What to work on.
Return the lines below exactly, please, from the one containing "Iridescent crystal tones" through the last one, both included, and leave out any pictures.

Task data.
'''

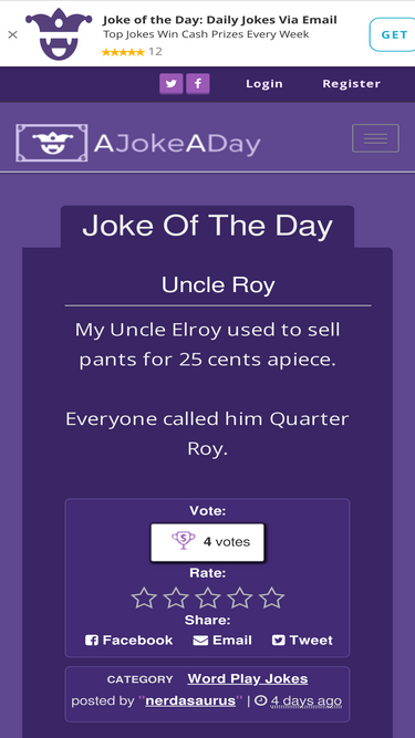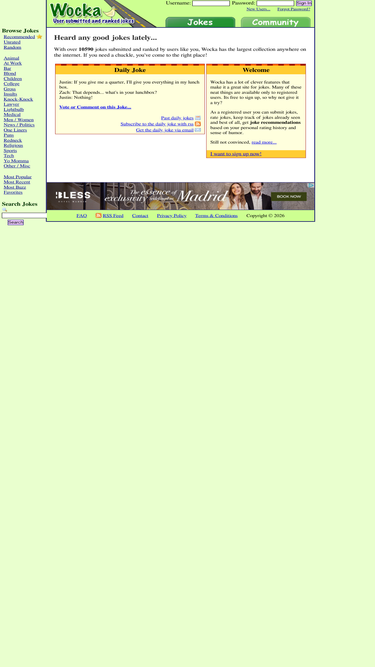 95%free joke of the day. the oldest and most trusted source of funny clean jokes. the top 10 jokes win cash prizes every week!
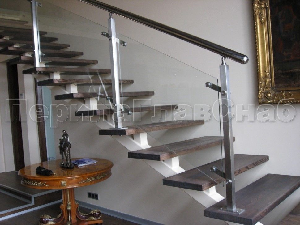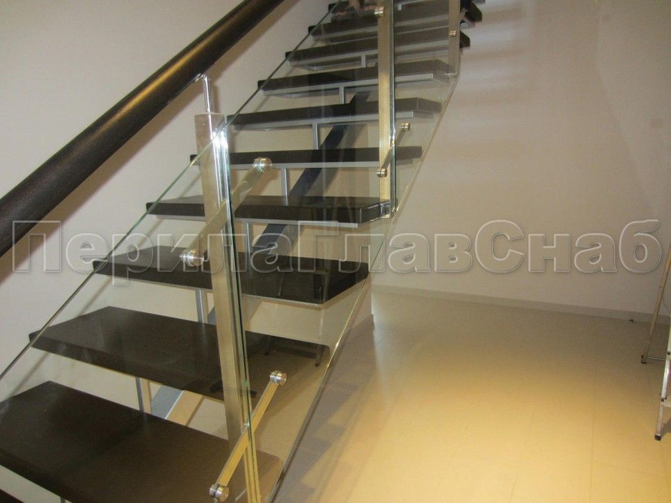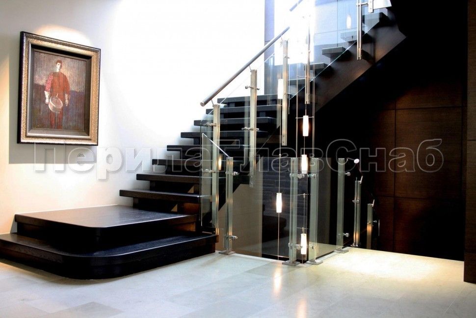 Ограждения лестницы без поручня с зажимными стеклодержателями и стойками
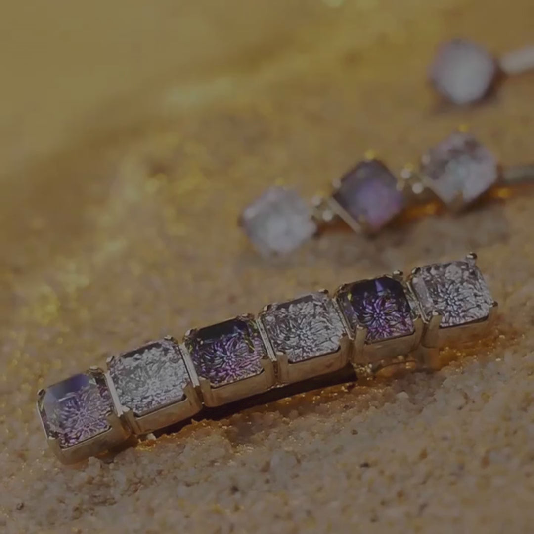Iridescent crystal tones and polished metal frame your hair in refined calm, turning simple styling into a sea-lit finish.
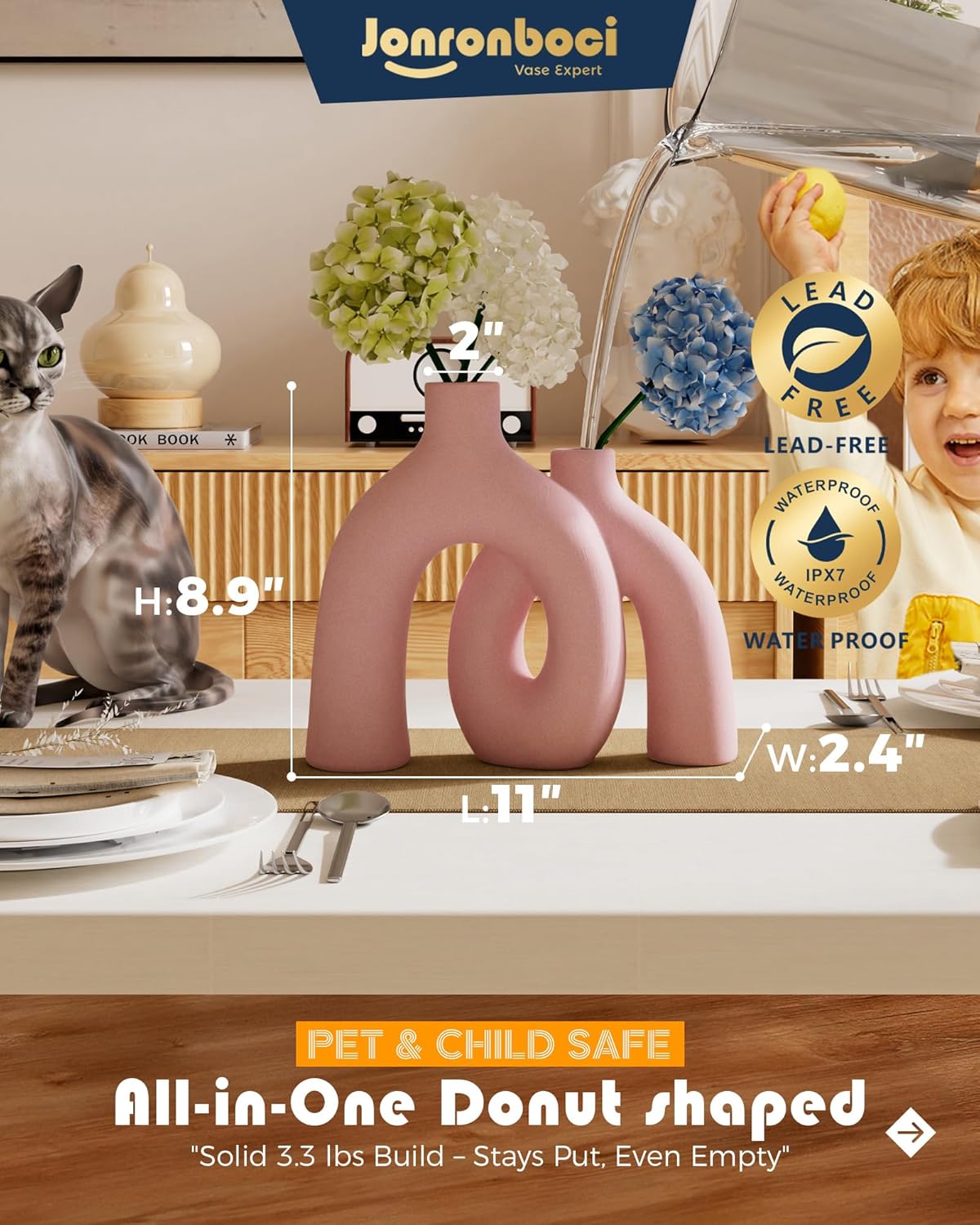 - Size - This set includes one matte light pink handmade vases. Conjoined Size W 10" X , H Small: 7.3" and Large 8.9", with a vase neck of 1.5". Both vases feature a modern glam eclectic style.
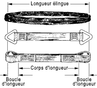 Longueur d’élingueToutes les élingues sont mesurées traction du bras à traction du bras lorsqu’elles reposent à plat et qu’elles sont tirées à la main. |
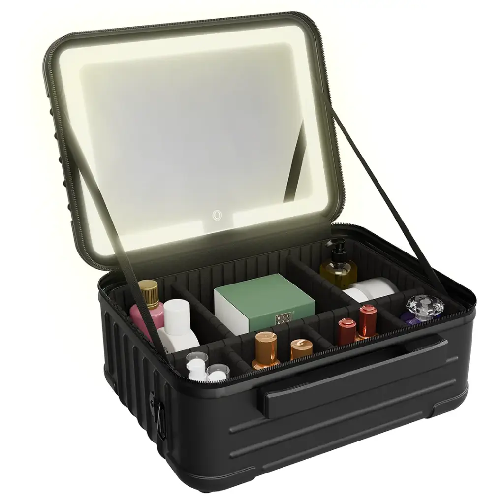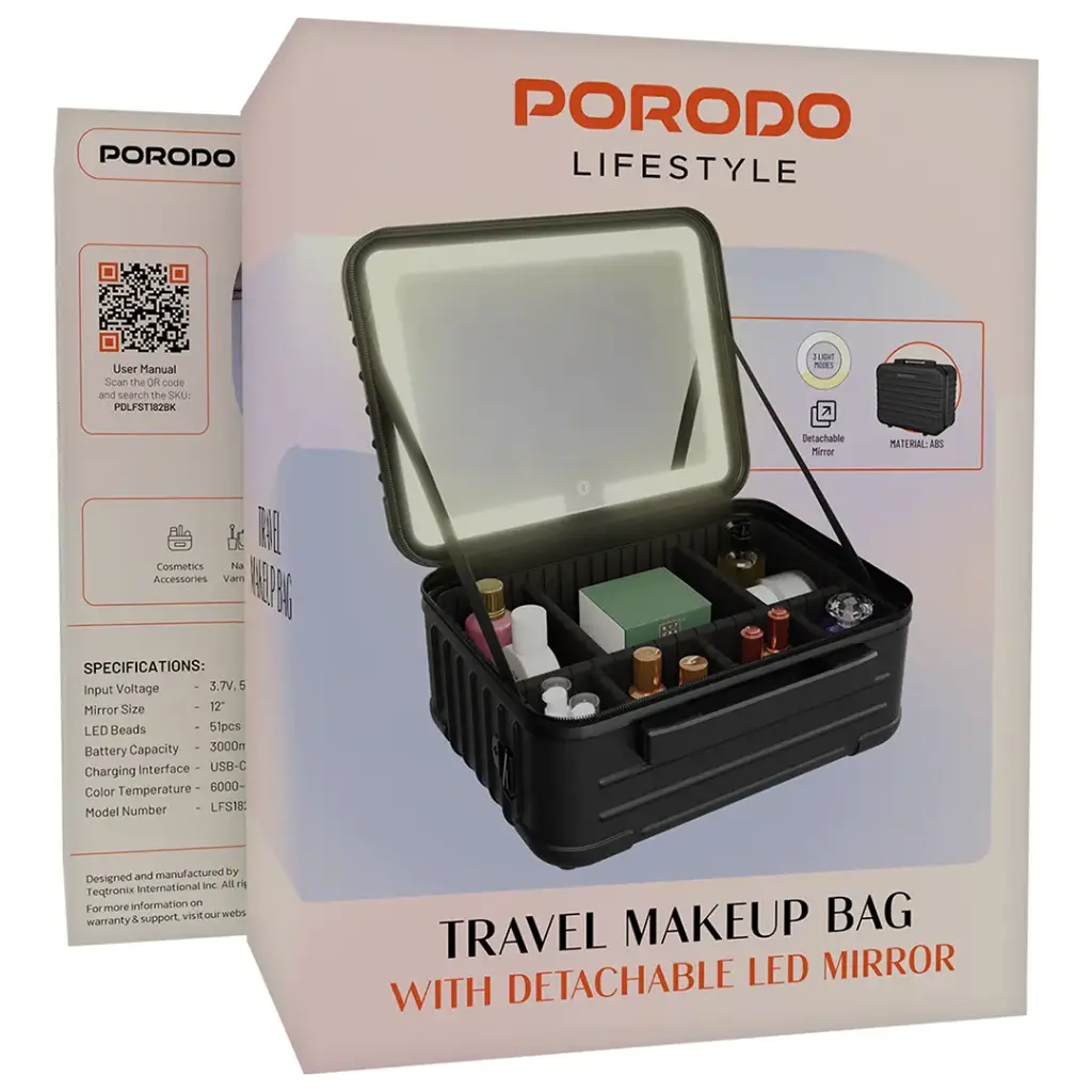Porodo Lifestyle Travel Makeup Bag with Detachable LED Mirror – Black

'''

Output of the task.
Iridescent crystal tones and polished metal frame your hair in refined calm, turning simple styling into a sea-lit finish.
 - Size - This set includes one matte light pink handmade vases. Conjoined Size W 10" X , H Small: 7.3" and Large 8.9", with a vase neck of 1.5". Both vases feature a modern glam eclectic style.
 Longueur d’élingueToutes les élingues sont mesurées traction du bras à traction du bras lorsqu’elles reposent à plat et qu’elles sont tirées à la main. |
Porodo Lifestyle Travel Makeup Bag with Detachable LED Mirror – Black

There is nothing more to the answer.